A study of school-age children in northeastern Thailand suggests that iron and zinc do not boost their IQ, memory or other intellectual abilities when the minerals are given only during infancy.
Iron and zinc are important to normal brain development and children in developing nations are at risk of deficiency of both minerals.
Some studies have found that giving these children iron and zinc during infancy can improve their blood levels of the nutrients, and possibly help them reach some developmental milestones sooner, like walking on their own.
Until now, little has been known about whether those supplements have lasting benefits.
However, the findings do not necessarily mean that iron and zinc supplements offer no brain benefit to children in the developing world.

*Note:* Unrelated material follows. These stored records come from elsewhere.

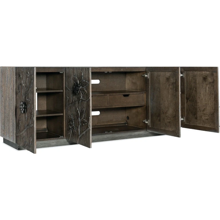 - Finish: Medium wood finish with flower motif on door fronts and large floral silver hardware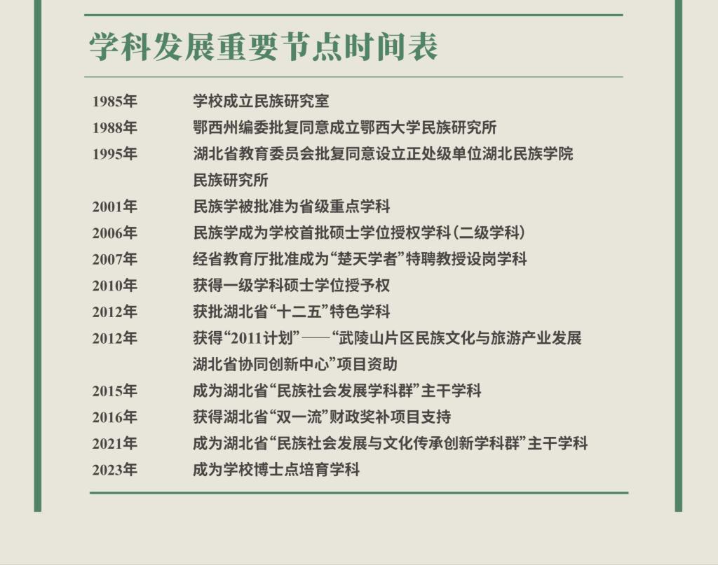 民族学学科是bat365官网首批硕士点授权学科。经过40余年建设,本学科已成为硕士学位授权一级学科、湖北省重点特色学科。原有8个二级学科,分别是民族学、马克思主义民族理论与政策、中国少数民族史、中国少数民族经济、中国少数民族艺术、民族社会学、民族法学、民族体育学。2022年起调整为5个二级学科,即民族学、马克思主义民族理论与政策、中国少数民族史、中国少数民族经济、民族社会学,2025年起按照马克思主义民族理论与政策、中华民族学、人类学与世界民族3个方向招生。学科建有国家民委中华民族共同体研究基地(bat365在线中国登录入口武陵山片区基地)、国家民委民族理论政策研究基地(武陵山片区基地)、武陵山片区基层社会发展研究基地、国家民委国家连片特区(武陵片区)农村贫困问题重点研究基地、南方少数民族研究中心、鄂西生态文化旅游研究中心、武陵山民族文化与旅游产业发展湖北省协同创新中心7个省部级科研平台。2012年,本学科获得湖北省“2011计划”建设项目“武陵山民族文化与旅游产业发展湖北省协同创新中心”。2014年获得湖北省“武陵山民族文化传承与创新”博士点建设对口支持合作项目,与华中师范大学联合培养博士生。2021年获得“民族社会发展与文化传承创新”湖北省学科群建设项目。2023年成为学校博士点培育学科。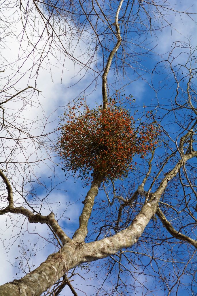 室内デコレーションではない自然のヤドリギ、青空を見上げながらこうやって眺めるのはとても素敵ですね~♡ でも、今日はこの下に立ったら(*´ε`*)チュッチュですね笑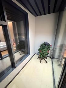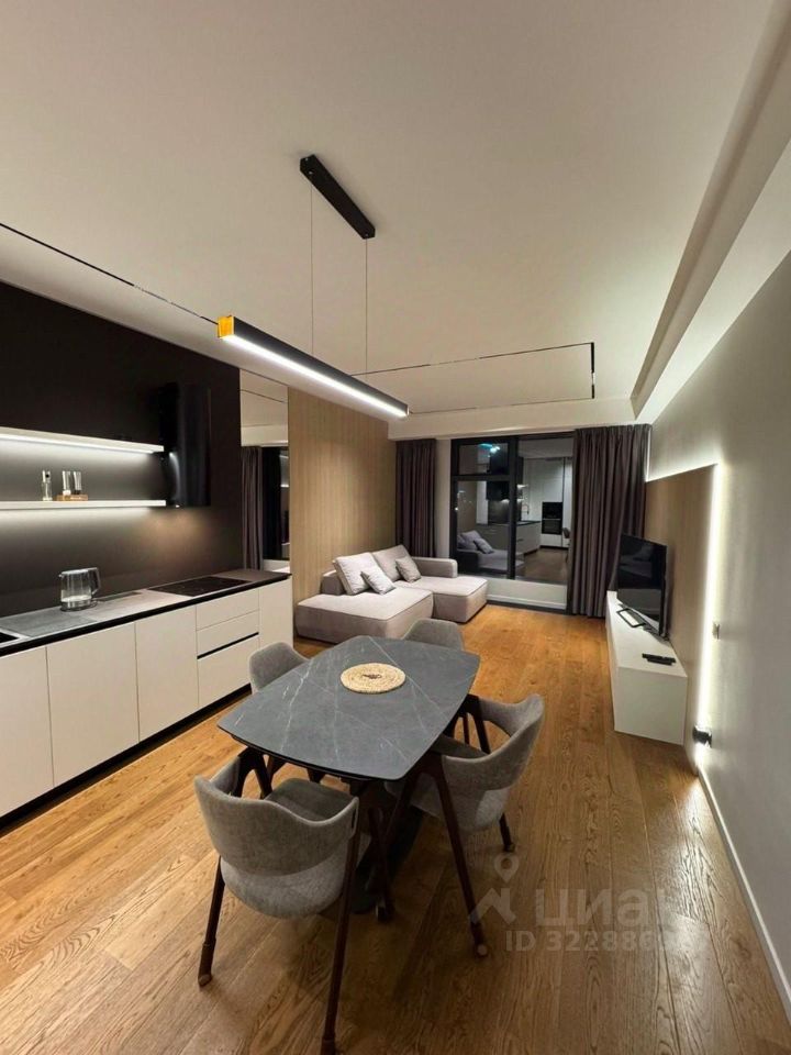 Общая площадь квартиры — 60 м². Продуманная планировка, высокие потолки 3 метра и панорамные окна наполняют пространство светом и воздухом, создавая ощущение простора и лёгкости.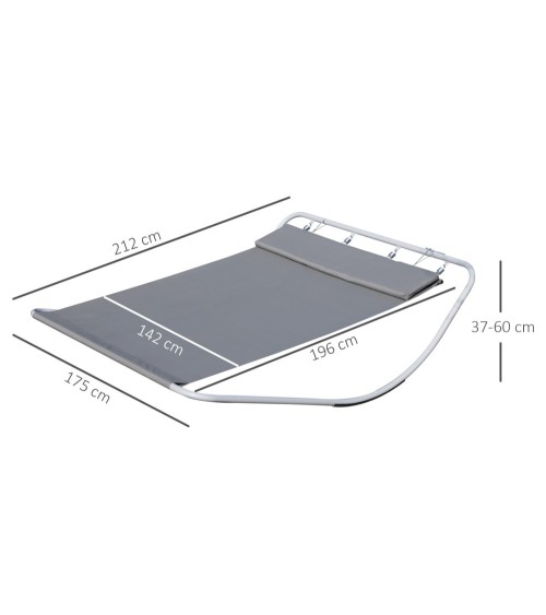 Ce transat de deux personnes en polyester imperméable est confortable et robuste. Il vous accueillera pour des séances de repos ou des moments de détente dans le jardin, sur la terrasse, au bord de la piscine, etc. . . . Quoi de mieux que de se laisser balancer tranquillement en profitant du soleil !Caractéristiques :- Design moderne et intemporel- Lit et oreiller en polyester respirant et anti-moisissure- Balancez- vous selon vos envies, très agréable et apaisant- Armature arrondie en tubes d'acier robustes avec enduit de poudre époxy anticorrosion- Montage et entretien facile Spécifications :- Couleur : gris- Dim totales : env. 212L x 175l x 39/60H cm- Surface de couchage : env. 196L x 142l cm- Charge max. recommandée : 250 Kg- Réf. : 01-0309

"It is too soon to tell," said senior researcher, Dr. Reynaldo Martorell, of Emory University in Atlanta, one of the authors of the report that appears in the American Journal of Clinical Nutrition.
Still, the researcher added, there are many short-term reasons to ensure that infants and children in the developing world have enough iron and zinc. There is some evidence, for example, that zinc supplements help prevent or treat diarrhea -- a major killer of children in poor nations.
Iron supplements can also prevent some cases of anemia, a disorder in which the blood's oxygen-carrying capacity is reduced -- causing problems like fatigue, dizziness and breathlessness.